Потом он приготовил для них троих ужин, а когда к Джози заглянули подружки, взял для девчонок фильм напрокат. Все дочкины подружки в Мике души не чаяли, что, разумеется, приводило Джози в страшное смущение.
Нина приняла меры, чтоб до Джози четко дошло, что она не должна беспокоить отца никакими историями о полиции и ложной тревоге. У него и без того забот полон рот, он только разнервничается, и это не пойдет на пользу его творчеству.
- У папы сроки, - сказала Нина, убедившись, что Джози все поняла. - Наверное, я ошиблась, хотя, по правде говоря, это какая-то загадка.
Они даже посмеялись над этой историей.
Поздно вечером, спасаясь от девчачьих воплей и хохота в гостиной, Нина с Миком поднялись наверх, подальше от шума. Мик приготовил ей ванну, хотел сделать массаж, но Нина остановила его, притянула к себе, начала снимать одежду, обнимать.
Казалось, миг только прошел, когда она увидела, что между штор уже пробивается свет. Она ждала - вот сейчас вернется в сердце тревога последних дней. Нет, ничего. С рассветом все страхи рассеялись, кончились, как приступ лихорадки. Она потянулась, осторожно, чтобы не разбудить Мика. Вставать пора, а она все лежала, следя, как на часах одна минута, мигнув, сменяет другую.
"Когда-нибудь это должно было произойти", - думала Нина. Как запоздалая реакция или посттравматический стресс. Объяснить ее поведение с точки зрения стороннего наблюдателя - что Нина и пыталась сделать - было просто. Разгром в гримерной, неприятность с машиной, пропавшая одежда Джози, чья-то попытка открыть дверь - каждое событие можно расценить как случайность и каждое само по себе почти ничего не значит, но вот их сумма…
- Мне никто не угрожает, - еле слышно прошептала она.
Мик тихонько посапывал, досматривая последние утренние сны. Нина повернула голову и взглянула на мужа - у него подрагивали веки. Сегодня, решила Нина, она не станет думать ни о чем, что ее пугает, а просто сосредоточится на делах в "Чартерхаус Продакшнз", которых уже выше крыши. Надо работать, в конце концов.

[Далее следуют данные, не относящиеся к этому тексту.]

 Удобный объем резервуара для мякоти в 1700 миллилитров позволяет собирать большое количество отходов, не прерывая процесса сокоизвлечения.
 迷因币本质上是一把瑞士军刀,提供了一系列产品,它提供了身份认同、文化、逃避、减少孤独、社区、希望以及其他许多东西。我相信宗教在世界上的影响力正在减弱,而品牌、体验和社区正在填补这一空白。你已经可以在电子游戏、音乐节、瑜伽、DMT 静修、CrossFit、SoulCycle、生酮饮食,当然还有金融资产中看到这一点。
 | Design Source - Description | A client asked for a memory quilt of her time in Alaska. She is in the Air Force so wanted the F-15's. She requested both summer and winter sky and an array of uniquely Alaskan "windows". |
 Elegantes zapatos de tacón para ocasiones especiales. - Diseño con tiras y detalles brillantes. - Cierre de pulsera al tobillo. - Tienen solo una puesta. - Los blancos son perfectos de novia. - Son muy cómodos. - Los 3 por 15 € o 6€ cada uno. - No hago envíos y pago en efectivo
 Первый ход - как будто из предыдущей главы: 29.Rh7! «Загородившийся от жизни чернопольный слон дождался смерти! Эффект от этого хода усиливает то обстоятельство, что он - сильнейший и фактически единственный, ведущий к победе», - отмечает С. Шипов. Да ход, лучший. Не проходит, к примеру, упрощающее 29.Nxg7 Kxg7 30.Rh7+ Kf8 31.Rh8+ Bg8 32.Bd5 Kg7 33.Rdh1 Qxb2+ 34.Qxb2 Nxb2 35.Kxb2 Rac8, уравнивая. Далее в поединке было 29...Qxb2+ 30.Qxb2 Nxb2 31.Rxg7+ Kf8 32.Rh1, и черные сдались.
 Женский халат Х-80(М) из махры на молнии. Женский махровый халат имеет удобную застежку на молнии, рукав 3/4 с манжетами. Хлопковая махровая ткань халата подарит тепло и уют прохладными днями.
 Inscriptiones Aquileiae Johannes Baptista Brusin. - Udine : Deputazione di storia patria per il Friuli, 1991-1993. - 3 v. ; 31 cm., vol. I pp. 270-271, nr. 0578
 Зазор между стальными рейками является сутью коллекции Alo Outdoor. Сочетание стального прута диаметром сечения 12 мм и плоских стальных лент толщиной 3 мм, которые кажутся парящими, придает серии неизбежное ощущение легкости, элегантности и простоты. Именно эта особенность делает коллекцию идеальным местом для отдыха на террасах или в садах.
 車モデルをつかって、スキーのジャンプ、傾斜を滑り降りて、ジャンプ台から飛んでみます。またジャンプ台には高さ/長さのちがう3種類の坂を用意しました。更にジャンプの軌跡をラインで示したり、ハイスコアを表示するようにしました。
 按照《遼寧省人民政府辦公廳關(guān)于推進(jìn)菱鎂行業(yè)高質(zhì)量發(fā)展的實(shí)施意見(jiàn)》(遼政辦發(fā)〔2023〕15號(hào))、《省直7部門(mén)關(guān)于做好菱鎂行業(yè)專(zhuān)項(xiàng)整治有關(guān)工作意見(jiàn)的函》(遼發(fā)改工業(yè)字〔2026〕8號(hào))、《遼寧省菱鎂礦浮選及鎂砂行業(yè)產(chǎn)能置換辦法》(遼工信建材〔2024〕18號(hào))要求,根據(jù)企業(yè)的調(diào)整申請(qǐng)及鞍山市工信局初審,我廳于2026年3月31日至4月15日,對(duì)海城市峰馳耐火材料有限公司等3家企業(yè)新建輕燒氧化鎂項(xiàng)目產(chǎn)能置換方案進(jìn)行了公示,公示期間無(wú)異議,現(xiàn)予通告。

Нина оторвалась от теплого мужнина плеча, спустила ноги на ковер и неслышными шагами голышом направилась под душ. В зеркале она увидела, как Мик, открыв глаза, с улыбкой провожает ее взглядом.
В ванной ее мысли обратились к работе. Нехорошо, что она взвалила на Тэсс практически все закупки. Надо будет позвать ее в гости, угостить обедом, а потом они решат, кто, что и когда будет делать. Ведь осталось чуть больше недели до дебюта "Хамелеона" на съемочной площадке студии "Пайнвуд". Для Нины это был серьезный прорыв. Споласкивая волосы, она мысленно отметила: не забыть проверить, как обстоят дела с их крупными заказами. Не хватает еще, чтобы в последнюю минуту что-то сорвалось.
- Доброе утро. - Нина с удивлением наблюдала, как дочка молча расправляется с завтраком, который она для нее приготовила час тому назад.
На часах почти одиннадцать, Нина уже успела с грехом пополам разобраться в счетах за прошлый месяц, позвонить в несколько разных контор, отправить е-мейл режиссеру будущей постановки в Викторианском театре, запечь лососину со спаржей для обеда с Тэсс и заказать по Интернету гель для фальшивых ожогов, которые ей придется изображать по ходу действия.
Джози ничего не сказала матери. Подхватила с тарелки размякший тост, махом осушила стакан апельсинового сока и метнулась к двери.
- И я тоже рада тебя видеть, душа моя. Ты, кажется, собиралась сегодня к Нат? (Имел место неопределенный кивок. Или показалось?) А когда вернешься? Мне за тобой заехать? (Кстати, и с Лорой повидалась бы, обсудила девчоночье увлечение Интернетом.)
Джози вскинула над плечом растопыренную пятерню и была такова.
- Значит, в пять я за тобой заеду, - озадаченно пробормотала Нина и вздохнула, услышав, как Джози хлопнула входной дверью. - Подростки!
Десятью минутами позже Нина мужественно преодолела искушение послать дочке сообщение, чтобы убедиться, что та благополучно добралась до Нат. "Расстояние-то плевое, всего пара улиц, - напомнила она себе. - Что может случиться?"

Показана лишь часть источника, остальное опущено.